Assuming E Aeolian, it would be F# locrian.


----------



## alex103188

Trespass said:


> Assuming E Aeolian, it would be F# locrian.


----------



## screamindaemon

Daemon said:


> Drop E !
> 
> Because :
> 
> --------------E | - B - | E - - A - - D - - G - - B - - E
> -------| 8 drop | 7 std | - - SIX STRINGS STANDARD - - |
> 
> 
> 
> for me it's the most interesting to do...



I agree completely. It only makes sense in my mind to use drop E. That's the first thing that came to me head. 

Out of curiosity, is the bottom E of this tuning equivalent to the top string of a bass?


----------



## Winspear

screamindaemon said:


> I agree completely. It only makes sense in my mind to use drop E. That's the first thing that came to me head.
> 
> Out of curiosity, is the bottom E of this tuning equivalent to the top string of a bass?



Not sure if you mean top or bottom - I think of it as bottom. Yes - drop E on an 8 string is the same as the lowest string of a normal bass.


----------



## Cheesebuiscut

screamindaemon said:


> I agree completely. It only makes sense in my mind to use drop E. That's the first thing that came to me head.
> 
> Out of curiosity, is the bottom E of this tuning equivalent to the top string of a bass?



Yes its the same low E on a standard tuned bass, just E 1 octave down.


----------



## vampiregenocide

Lowest I've heard someone get good results on an 8 string drop tuning is Bb I think.


----------



## Winspear

vampiregenocide said:


> Lowest I've heard someone get good results on an 8 string drop tuning is Bb I think.


Like a 5 string bass? Jesus


----------



## Sponge

Drop E is pretty nice sounding and you can always double up and practice with other favorite songs to ge ta good feel of it.

I've got the Intrepid at DGDGDGBE and it'll stay at this tuning. Nice open tuning style for the lower strings and doubling up on octaves for more of the wall of sound type effect, and the standard on the highs so that higher pitched leads are in standard.


----------



## omgmjgg

Sponge said:


> Drop E is pretty nice sounding and you can always double up and practice with other favorite songs to ge ta good feel of it.
> 
> I've got the Intrepid at DGDGDGBE and it'll stay at this tuning. Nice open tuning style for the lower strings and doubling up on octaves for more of the wall of sound type effect, and the standard on the highs so that higher pitched leads are in standard.
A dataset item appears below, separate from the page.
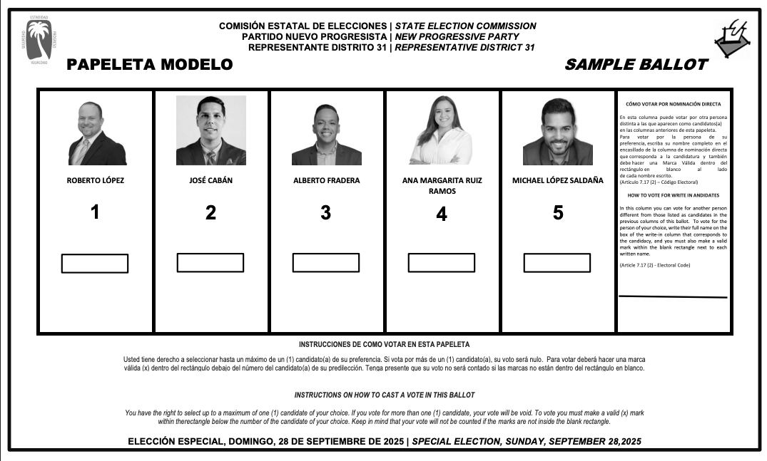 El primer turno en la papeleta será para Roberto López, seguido por José Cabán en la segunda posición, Alberto Fradera en la tercera, Ana María Margarita Ruíz Ramos en la cuarta y Michael López Saldaña en la quinta.
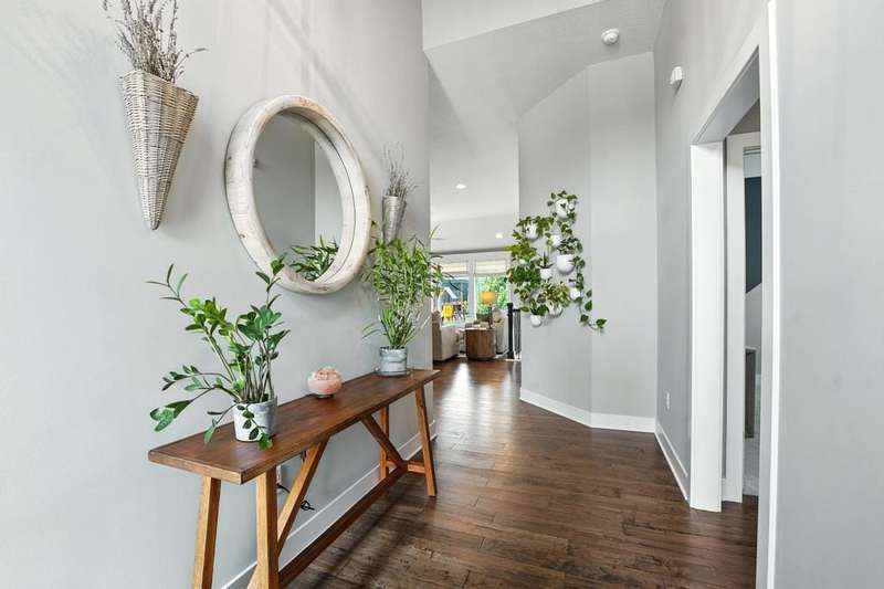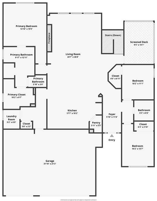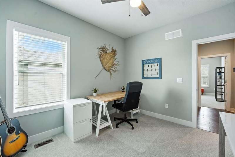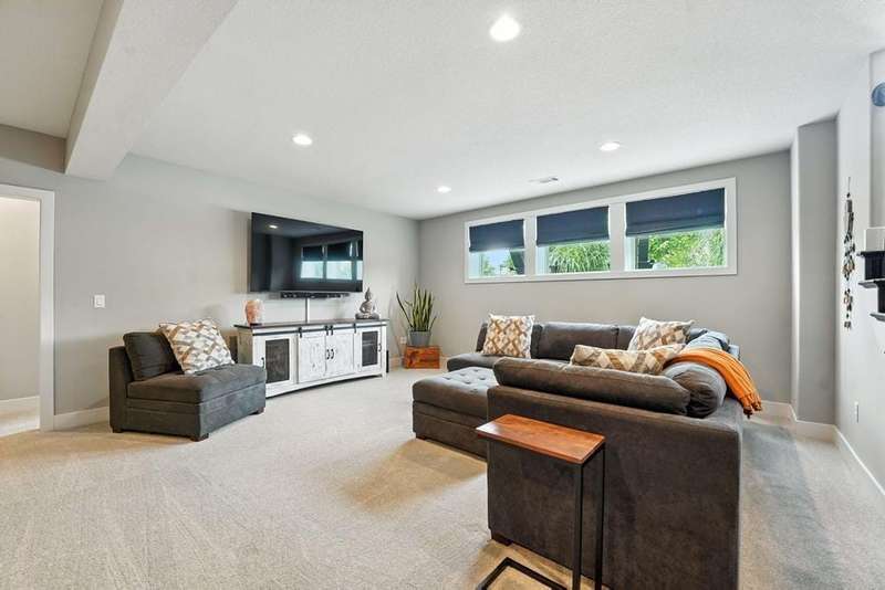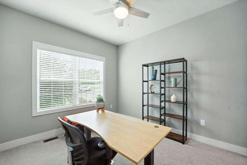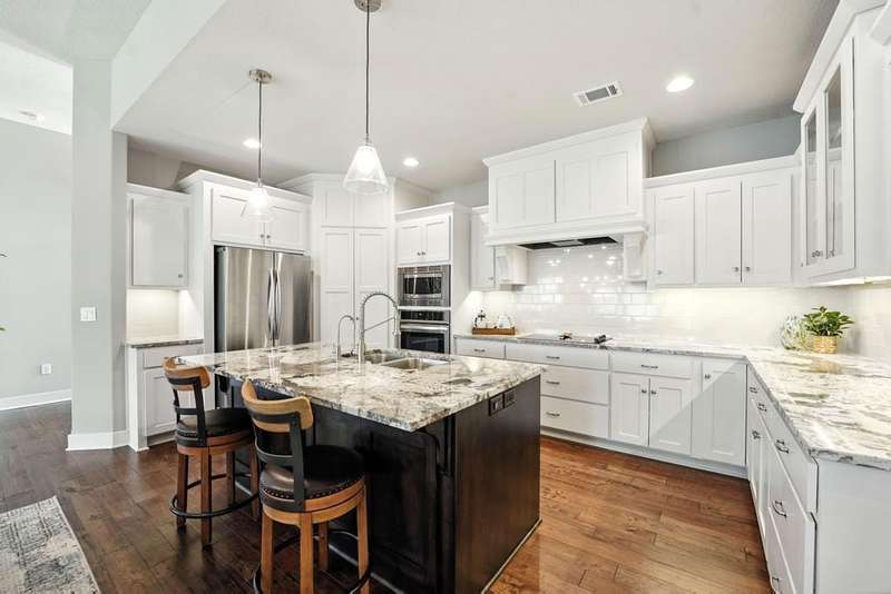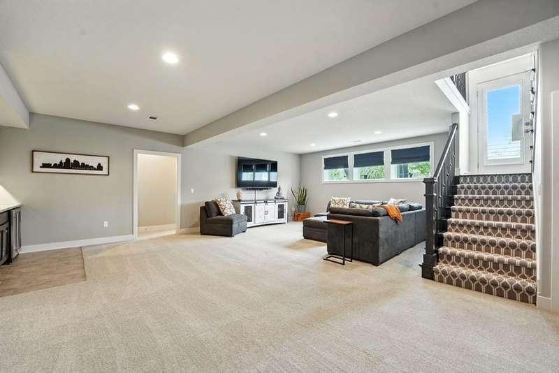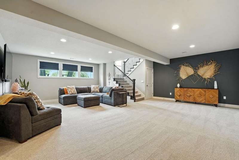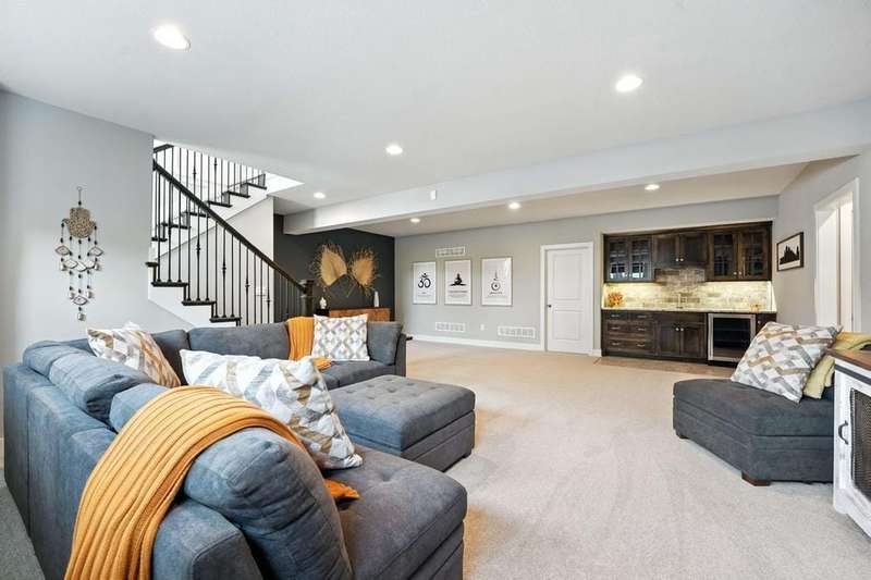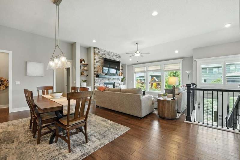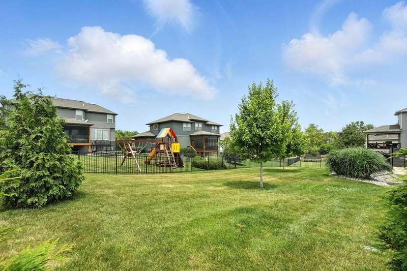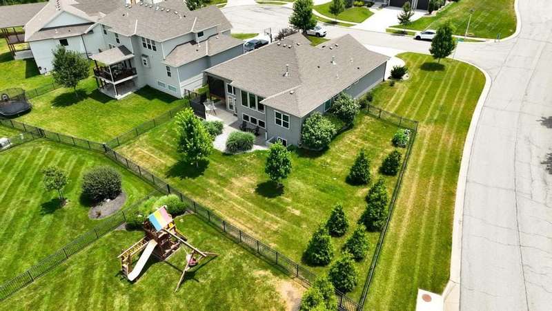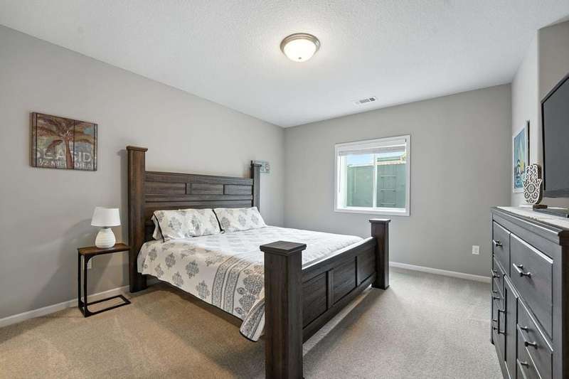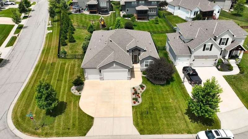This home is better than new! Fabulous ranch/reverse 1.5-story home, skillfully constructed by SAB Homes. As you enter, be welcomed by a bright entryway adorned with hardwood floors and designer light fixture. The kitchen, a true masterpiece, features luxurious granite countertops, an expansive island, stainless steel appliances, and a walk-in pantry. The open floor plan is ideal for hosting gatherings, while the living room offers warmth with a stone fireplace, built-in cabinets, and rustic floating shelves. The main floor is a sanctuary, offering a primary bedroom equipped with a walk-in closet and an en suite bathroom. This bathroom includes double vanities, a soaking tub, a tiled shower, and a private toilet room. There are two more bedrooms and another full bathroom on the main level, perfect for office space or guest rooms. Savor your morning coffee or enjoy the sunset on the charming screened-in deck, complete with newly installed aluminum railing and spindles. The basement, bathed in natural light, serves as an inviting retreat with a chic wet bar, a fourth bedroom, and a third full bathroom, as well as ample space suitable for a home gym or hobby space. The backyard boasts a newly installed stone patio and privacy screen, ideal for hosting your next barbecue. Situated on a generous corner lot with a sprinkler system and beautiful landscaping, this residence showcases over $40,000 in upgrades, including an aluminum fence, paved patio, privacy screen, plantation shutters, remote-controlled shades, water purification system, and monitored security system. As an added highlight, Stonebridge Trails has tons of amenities including, 2 clubhouses, 1 with work out facility, 4 pools, playgrounds, basketball and tennis courts and nature trails through out the neighborhood. Welcome to your dream oasis!

that is an interesting tuning, I want to try it out now


----------



## JacksonKE2Shred

Could you use string with a 27 inch scale for drop e with out it being a total mess?


----------



## screamindaemon

With a .80 guage string (thickest guitar string typically found) you could get it to work, though you would have much less tension (14.4 pounds as compared to 16+ pounds on the rest of the strings. But it would suffice.

You can get thicker guitar strings or bass strings to offset the tension issue though.

I went through this thought process too, but I opted for the 28.625 length to get an even tension across the fretboard.


----------



## AATTWDIS

I think I like it B standard with a Drop E OR Drop G# with a low D#.


----------



## vampiregenocide

Dead By April use drop G on an 8 string.


----------



## Xiphos68

vampiregenocide said:


> Dead By April use drop G on an 8 string.


That wouldn't be dropped that would be tuned up a half - step.


----------



## JettL

hey i play six string in CGCFAD how could i use that tuning in 8 string form


----------



## jerome snail

DGCGCFAD


----------



## Customisbetter

JacksonKE2Shred said:


> Could you use string with a 27 inch scale for drop e with out it being a total mess?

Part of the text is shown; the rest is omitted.